Figures
Abstract
Purpose
To evaluate changes in nucleus pulposus volume as a potential parameter for the effects of disc decompression.
Methods
Fifty-two discs (T8 to L1) were extracted from 26 pigs and separated into thoracic (T8 to T11) and thoracolumbar discs (T12 to L1). The discs were imaged using 7.1 Tesla ultrahigh-field magnetic resonance imaging (MRI) with acquisition of axial T2-weighted turbo spin-echo sequences for determination of baseline and postinterventional nucleus pulposus volumes. Volumes were calculated using OsiriX® (http://www.osirix-viewer.com). After randomization, one group was treated with nucleoplasty, while the placebo group was treated with an identical procedure but without coblation current. The readers analyzing the MR images were blinded to the kind of procedure performed. Baseline and postinterventional volumes were compared between the nucleoplasty and placebo group.
Results
Average preinterventional nucleus volume was 0.799 (SD: 0.212) ml. Postinterventional volume reduction in the nucleoplasty group was significant at 0.052 (SD: 0.035) ml or 6.30% (p<0.0001) (thoracic discs) and 0.082 (SD: 0.042) ml or 7.25% (p = 0.0078) (thoracolumbar discs). Nucleoplasty achieved volume reductions of 0.114 (SD: 0.054) ml or 14.72% (thoracic) and 0.093 (SD: 0.081) ml or 11.61% (thoracolumbar) compared with the placebo group.

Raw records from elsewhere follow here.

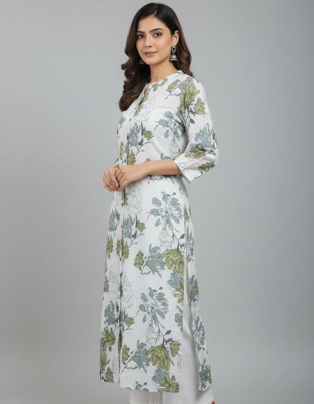 Leaf Blended Printed White Salwar Suit Cotton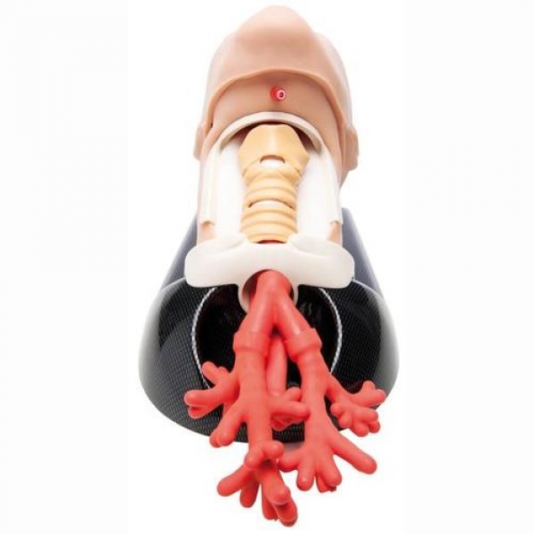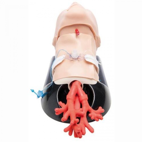 Das Modell verfügt über AirSim X Atemwege und Nasengang, anatomisch korrekt dargestellte Ringknorpel, Kehlkopfknorpel und ertastbare Trachealringe, sowie bis in die vierte Generation anatomisch detailgetreu ausgestaltete Bronchien.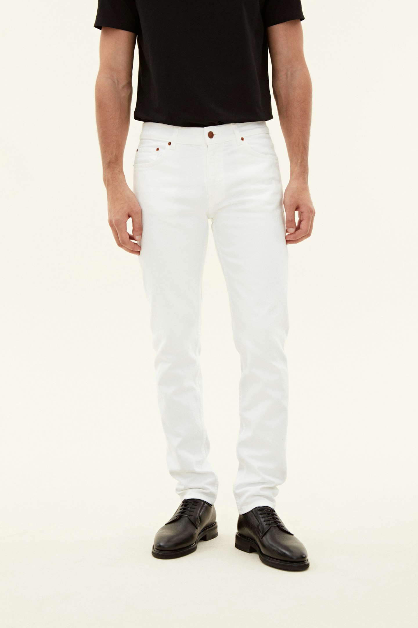 Passformen er smal med rette ben, livet har lav til normal høyde. Laget av denim med strech fra Candiani i Italia, som er vevd på gamle vevstoler fra Levis med knapper og nagler fra Italia og Borås. Jeansene er laget av 100% bærekraftig dyrket bomull.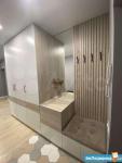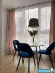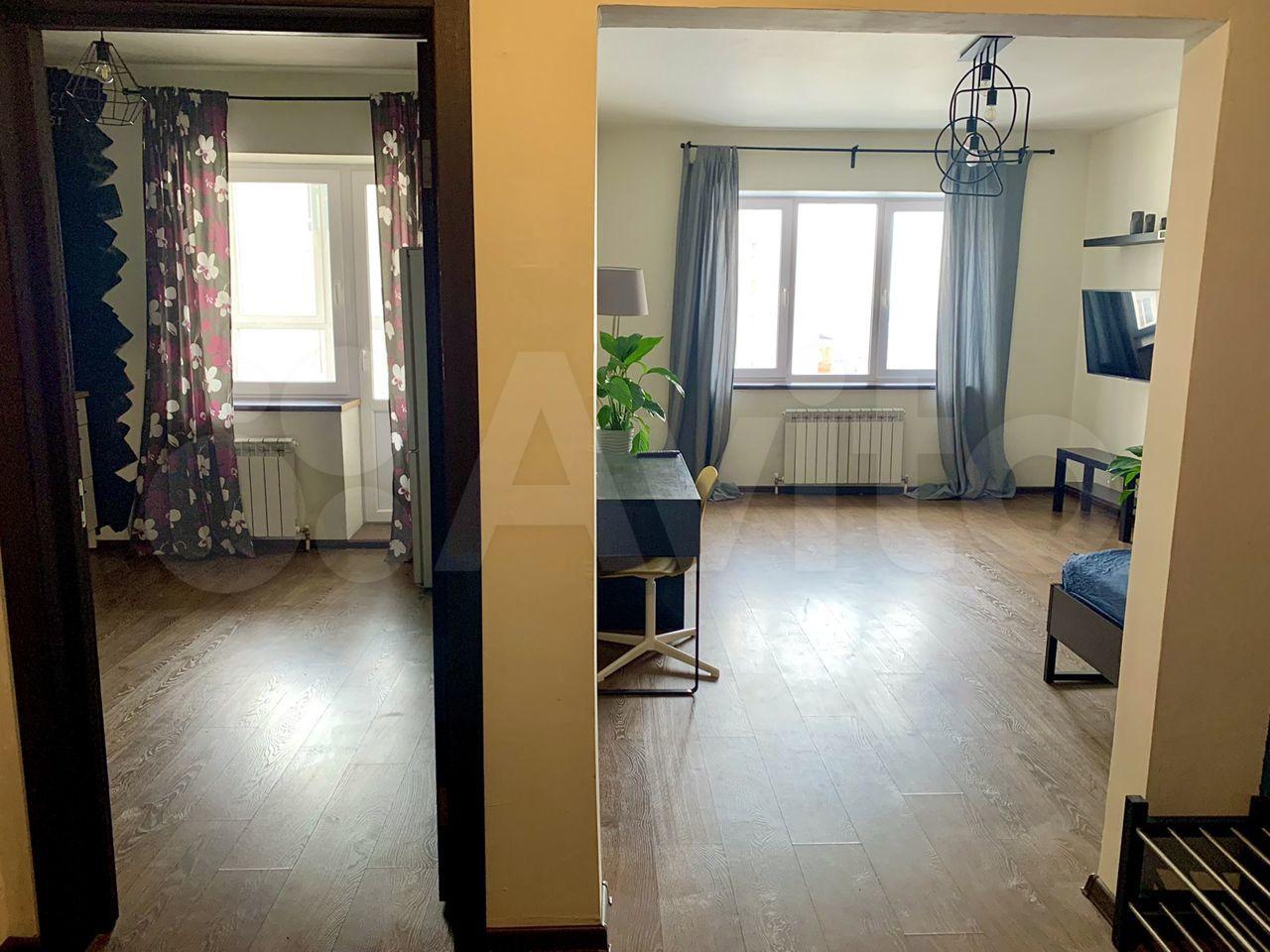 Удачная планировка: большая кухня 12 кв м c выходом на лоджию, просторная комната с гостиной зоной и диванчиком, а так же полноценной двух спальной кроватью и рабочим местом, гардеробная, прихожая, сан узел совмещен. Свежий ремонт, отделка в современном стиле, фартук кухни специальная краска, очень практична, можно писать мелом.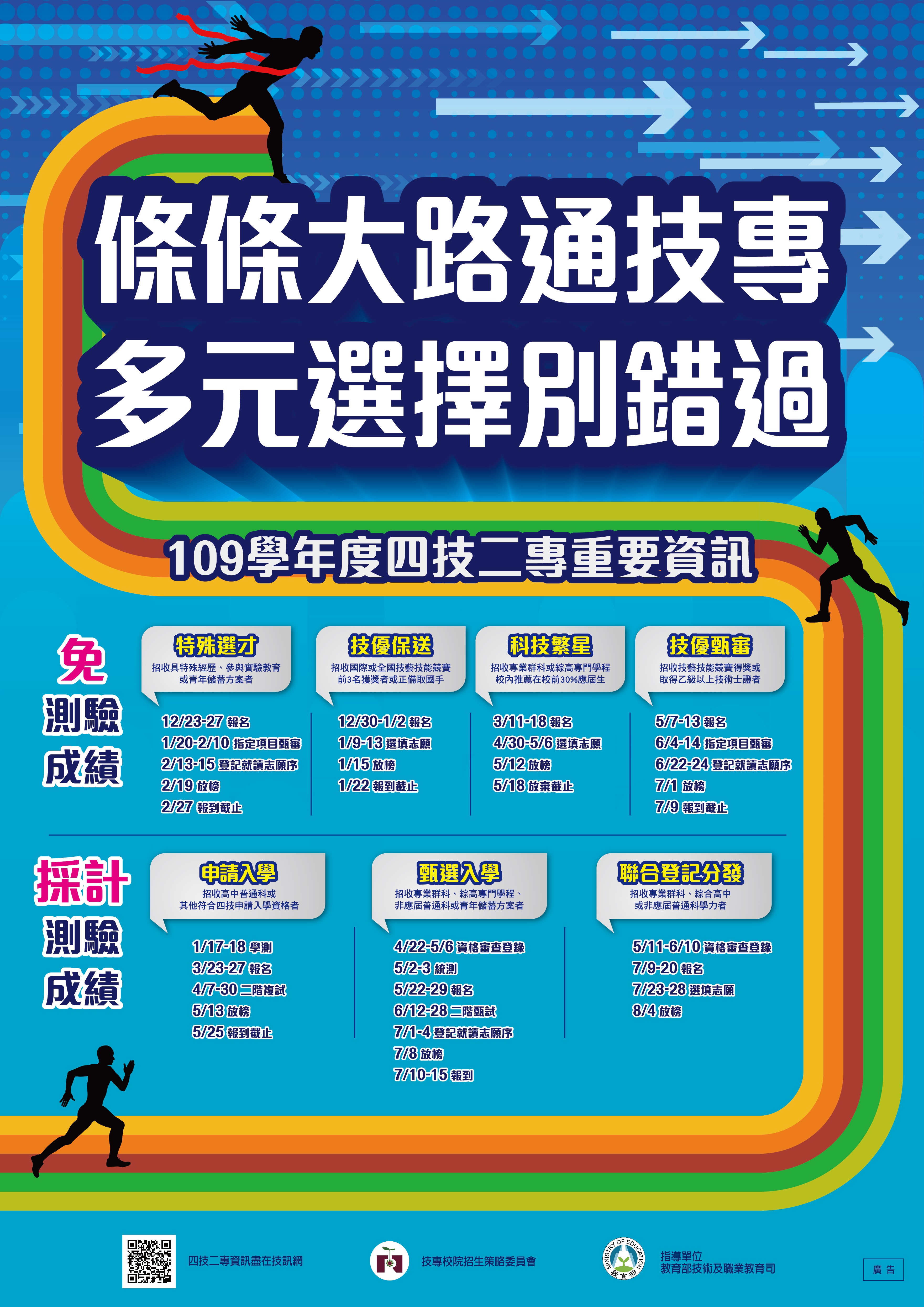 二、該會另印製109學年度四技二專招生重要日程海報供學生升學參閱,紙本海報已協請各縣市政府教育局(處)轉發。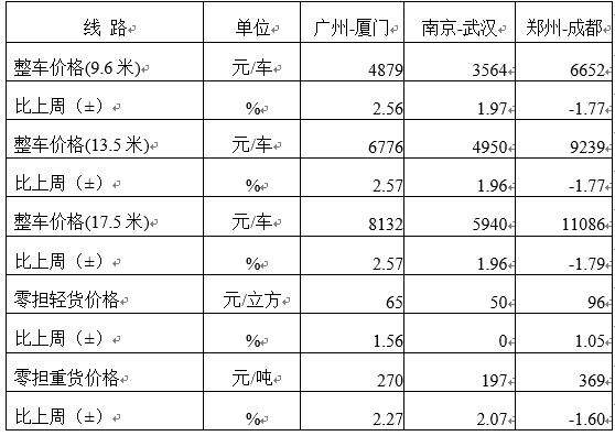 分車型看,各車型指數環比均有回升。其中,整車指數為1026.57點,比上周回升1.24%;零擔輕貨指數為1020.46點,比上周回升1.19%;零擔重貨指數為1026.31點,比上周回升1.21%。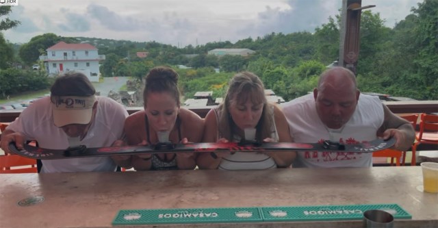 Everyone ordered a drink and then I asked the bartender to take a photo of us. He obliged and asked us if we would like to try a Shot-ski. Why not?
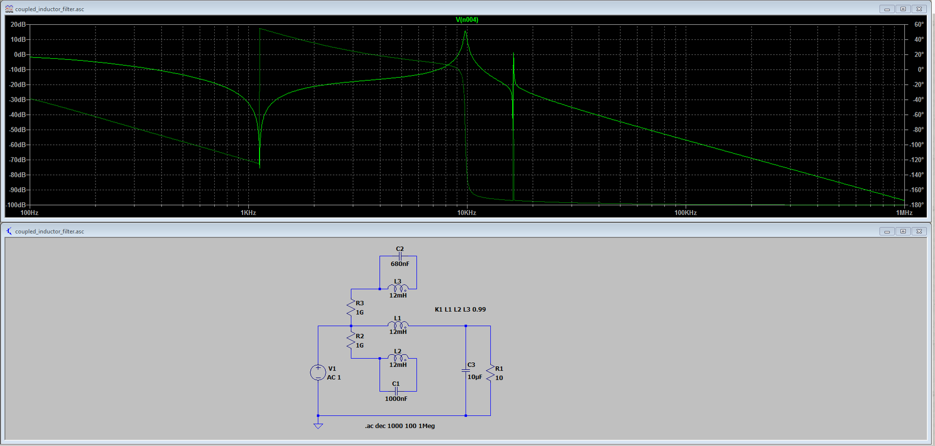 Nem jöttem rá mire jó ez így. A kiszámolt rezonanciafrekvenciák közelében 1 frekvencián lyukszűrőként viselkedik, de 10 kHz-nél van egy kiemelés majd felette még egy rezonancia frekvencia. Ez utóbbiak frekvenciája erősen függ a csatolási tényezőtől.

Citation: Kasch R, Mensel B, Schmidt F, Drescher W, Pfuhl R, Ruetten S, et al. (2012) Percutaneous Disc Decompression with Nucleoplasty–Volumetry of the Nucleus Pulposus Using Ultrahigh-Field MRI. PLoS ONE 7(7): e41497. https://doi.org/10.1371/journal.pone.0041497
Editor: Laxmaiah Manchikanti, University of Louisville, United States of America
Received: May 24, 2012; Accepted: June 21, 2012; Published: July 25, 2012
Copyright: © 2012 Kasch et al. This is an open-access article distributed under the terms of the Creative Commons Attribution License, which permits unrestricted use, distribution, and reproduction in any medium, provided the original author and source are credited.
Funding: AArthroCare Deutschland, Remscheid, provided the technical equipment needed for nucleoplasty. The authors received for their project the nucleoplasty Convenience Pack (DLR SpineWand and sterile 17-gauge Crawford needle (6”) with mandrin) from ArthroCare Germany. No additional external funding received for this study. The funders had no role in study design, data collection and analysis, decision to publish, or preparation of the manuscript.
Competing interests: The authors have read the journal’s policy and have the following conflicts: ArthroCare Deutschland, Remscheid, provided the technical equipment needed for nucleoplasty. The authors received for their project the nucleoplasty Convenience Pack (DLR SpineWand and sterile 17-gauge Crawford needle (6”) with mandrin) from ArthroCare Germany. There are no further patents, products in development or marketed products to declare. This does not alter the authors’ adherence to all the PLoS ONE policies on sharing data and materials, as detailed online in the guide for authors.
Introduction
Magnetic resonance imaging (MRI) has gained an important role as a noninvasive tool in biomedical research. No harmful side effects are known, and its excellent soft tissue contrast makes it the imaging procedure of choice for examinations of the spine [1], [2]. While 1.5 and 3 Tesla MRI have become established in clinical routine [3], high-resolution 7 Tesla ultrahigh-field MRI is becoming increasingly available for answering more specialized questions [4]. Data on disc morphology and the effects of intradiscal therapy are still limited. MRI is well suited for providing such data, allowing measurement of intradiscal volume [5]–[6].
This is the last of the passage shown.